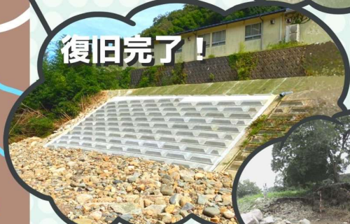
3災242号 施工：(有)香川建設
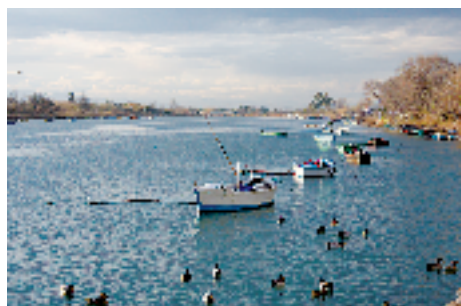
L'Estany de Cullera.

--

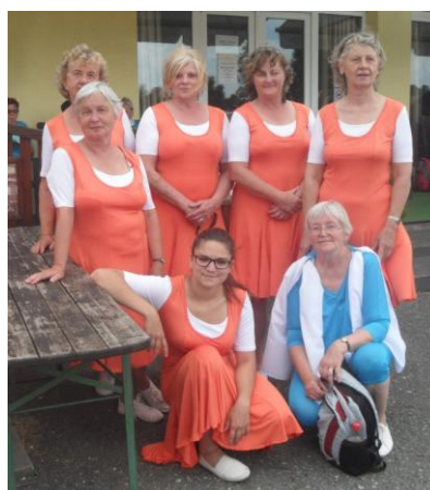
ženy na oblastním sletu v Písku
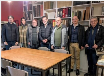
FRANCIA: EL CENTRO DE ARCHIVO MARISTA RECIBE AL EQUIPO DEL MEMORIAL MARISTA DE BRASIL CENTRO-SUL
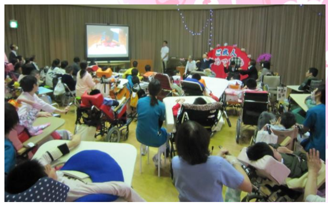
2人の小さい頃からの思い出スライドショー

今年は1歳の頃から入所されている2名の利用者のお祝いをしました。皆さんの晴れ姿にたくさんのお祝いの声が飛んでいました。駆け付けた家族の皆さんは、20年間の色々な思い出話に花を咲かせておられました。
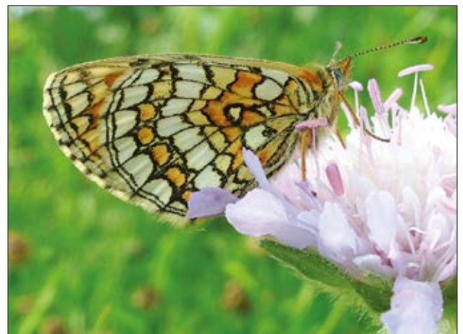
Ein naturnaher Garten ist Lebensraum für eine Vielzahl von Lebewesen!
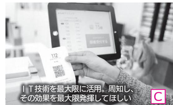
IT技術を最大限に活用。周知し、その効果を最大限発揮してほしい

_ACTIVITY_
Because only one stretch of the records is wanted, please output the lines from the one holding "今年は1歳の頃から入所されて" through the one holding "IT技術を最大限に活用。周知し、その効果を最大限発揮してほしい" exactly, both included, and leave every picture out.

_SOLUTION TO THIS EXERCISE_
今年は1歳の頃から入所されている2名の利用者のお祝いをしました。皆さんの晴れ姿にたくさんのお祝いの声が飛んでいました。駆け付けた家族の皆さんは、20年間の色々な思い出話に花を咲かせておられました。
Ein naturnaher Garten ist Lebensraum für eine Vielzahl von Lebewesen!
IT技術を最大限に活用。周知し、その効果を最大限発揮してほしい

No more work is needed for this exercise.